Speaking to Belfast Telegraph, former Assistant Chief Constable Alan McQuillan said some are "hitching themselves to the Brexit bandwagon" to stoke trouble.
McQuillian's warning came following a car bomb explosion in Londonderry on Jan. 20, the local police blamed on a dissident group called the New IRA.
Former PSNI chief Hugh Orde also warned that "dissident republicans would view a hard border as an opportunity to mount further attacks," according to the Belfast Telegraph.
The warnings followed reports that British intelligence service MI5 has stationed more than 700 officers in Belfast as part of an intelligence operation to combat the growing threat and mainly the New IRA group.
McQuillan underlined that the hardliners remain a threat despite the sustained security push by police and intelligence services.
"The reality is they are always dangerous and they will use fears over a hard border to try and ramp up their activities," he said.
"The dissidents are hitching themselves to the Brexit bandwagon."
"I think there will be further attacks, I think they remain dangerous," he warned.
"But I don't think they'll succeed," he added.
McQuillan said: "They're destroying the lives of Derry [Londonderry] people.
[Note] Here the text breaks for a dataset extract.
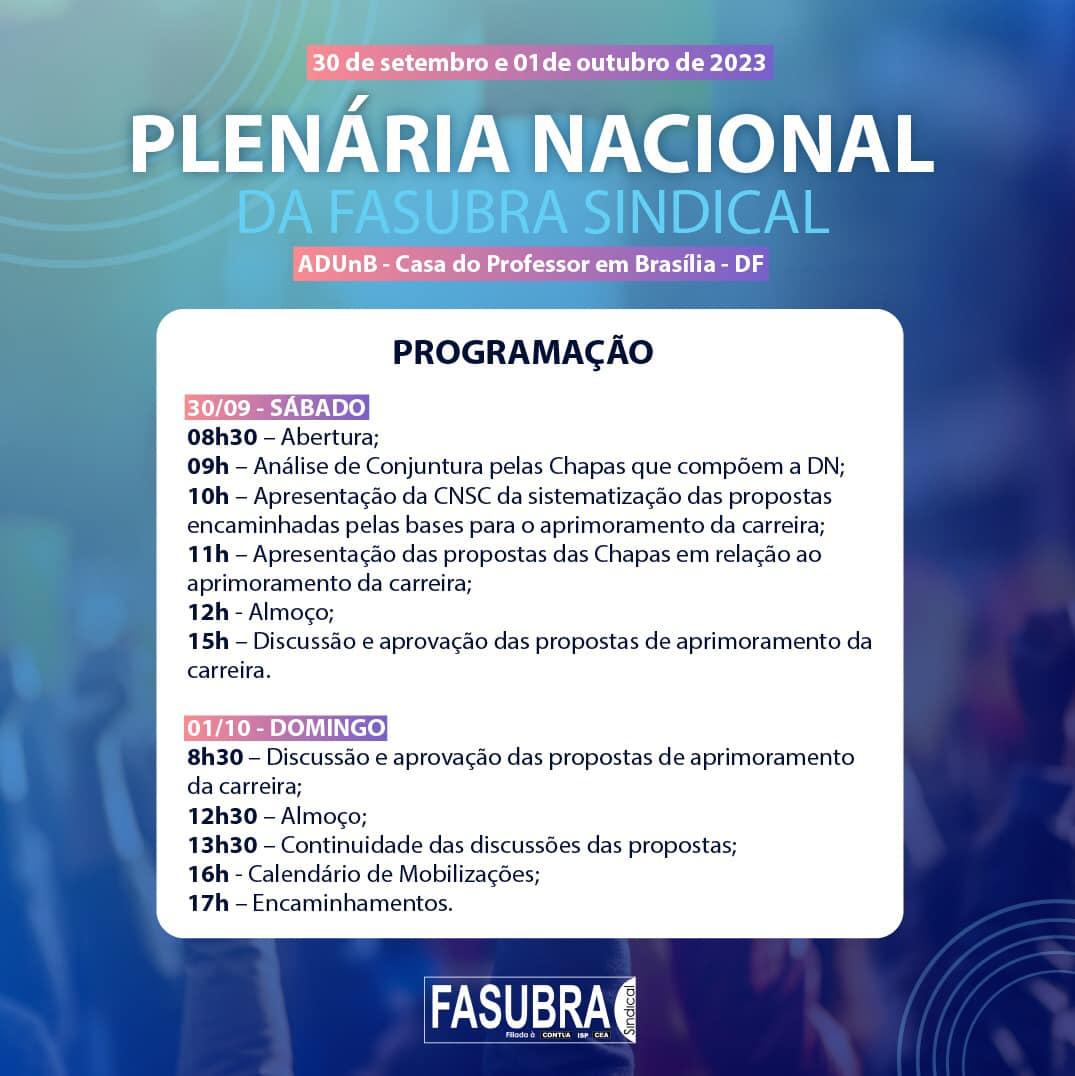 De 30 de setembro à 1º de outubro de 2023, a FASUBRA realizou mais uma Plenária Nacional para discutir, aprovar propostas e fazer encaminhamentos dobre o Tema “Carreira”.

Let's be honest, it's not damaging people in Dublin or London."
He described the New IRA as "utterly, utterly reckless".
Formed in 2012 by a merger of the Real IRA, which carried out the 1998 Omagh bombing, splinter groups and individuals, the New IRA is thought to be behind the last week's attack.
A car bomb had killed 29 people, including a pregnant woman with twins, and injured more than 200 others in Omagh, Northern Ireland in August 1998 in the deadliest attack in The Troubles era.
Londonderry — known as Derry by its majority Irish nationalist population — is a city known for its violent past due to sectarian violence, known as The Troubles.
The town was the scene of an infamous massacre in January 1972 when members of Britain's elite Parachute Regiment shot 27 unarmed people in a civil rights protest. Fourteen of the victims later died.
The killings hastened Northern Ireland's descent into conflict between the British government and pro-British paramilitaries on one side and Irish republicans and nationalists on the other and the city remained as a scene of terrorist acts until 1998.
The IRA and the Ulster Defence Association (UDA) were two armed groups which terrorized Northern Ireland's Catholic and Protestant communities by launching attacks during The Troubles.
The 1998 Belfast Agreement-a peace deal dubbed the Good Friday agreement — largely saw the end of Troubles-era violence in which more than 3,500 people lost their lives.
The border between Northern Ireland and the Irish Republic has been one of the thorniest issues in Brexit negotiations between the U.K. and the EU.
A deal reached by British Prime Minister Theresa May and EU officials had a backstop clause-a U.K.-wide arrangement that would keep the country in line with the EU customs in a bid to avoid the return of hard border-however, the deal was rejected by the House of Commons in a vote held on Jan. 15.
The border at the moment is invisible, and people, goods and services can travel through it freely. But as the U.K. leaves the EU without a deal, the border, technically, will need some sort of checks.
Due to the sensitive nature of the region and because free passage is one of the crucial articles of the 1998 Belfast Agreement, the U.K., EU, Northern Ireland and Ireland all reject the idea of returning to a hard border where checkpoints and customs buildings will need to be installed.
However, based on the recent political developments in Westminster, Ireland, the U.K. and the EU are reviewing contingency plans for a scenario that would introduce a hard border in the region.
Northern Ireland voted to remain in the EU in 2016 referendum, and it is feared that the Brexit process could trigger enmities in the region.
The U.K. will leave the EU on March 29, 2019, unless British lawmakers alter this date in a vote.